Motor prediction reduces beta-band power and enhances cerebellar-somatosensory connectivity before self-touch to enable its attenuation

Prevailing theories suggest that the brain uses an internal forward model to predict tactile input during voluntary movements, thereby reducing the intensity of the reafferent tactile sensation, a phenomenon known as self-touch attenuation. Although self-touch attenuation is a well- documented effect, it remains unclear how prediction-related neural mechanisms drive the attenuation prior to the actual self-touch input. In this study, we used magnetoencephalography (MEG) to examine the neural correlates of self-touch prediction. Participants performed a self-touch task with two control conditions. In one control, the touch was externally generated without any movement. In the other, the moving and the touched hands were spatially misaligned, thereby disrupting the sensorimotor alignment of self-touch. Self-touch evoked weaker early somatosensory activity (M50 component) than both control conditions. A psychophysics task also mirrored the pattern of neural attenuation, as the perception of self-touch was attenuated compared to the two control conditions. To isolate predictive neural mechanisms from general movement-related activity, we subtracted activity from corresponding stimulus-absent trials.
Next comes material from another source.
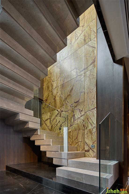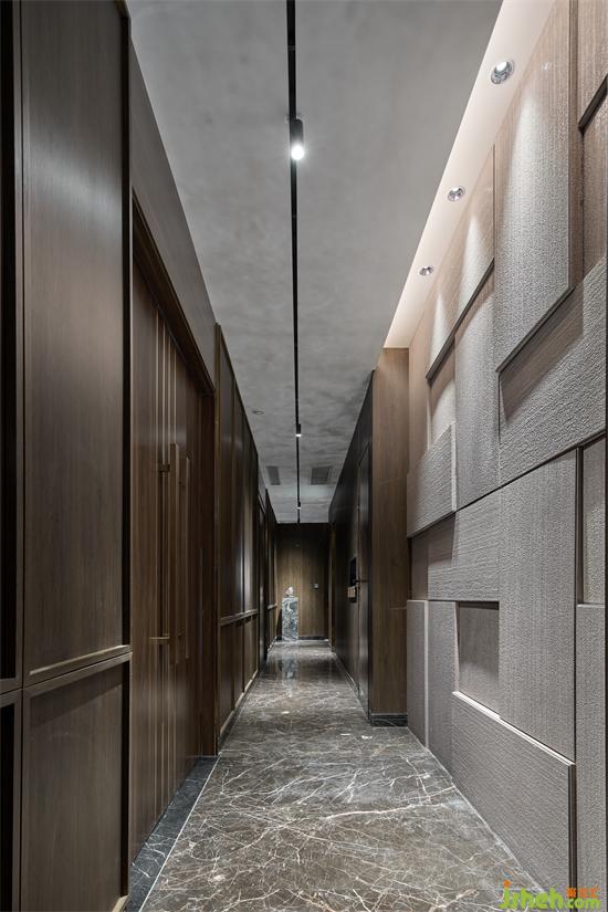 层层叠叠的楼梯踏步,犹如石块堆叠的小山,引领着通往2层。2层整体私人会所设计娱乐性较强,设置接待用餐的大包间,藏酒阁,棋牌室,禅修室,茶室,KTV室等功能一应俱全。

To further refine the signal specific to predictive processing in self-touch, we compared self-touch with misaligned touch, the two conditions that both involved voluntary movement but differed in their prediction of self-touch. This revealed greater pre-stimulus beta-band desynchronization and increased cerebellar-to-somatosensory connectivity prior to self-touch compared to misaligned touch. Our results provide the first evidence of predictive neural activity that shapes the sensory consequences of self-touch, offering insight into the mechanisms through which predictive models modulate somatosensory processing.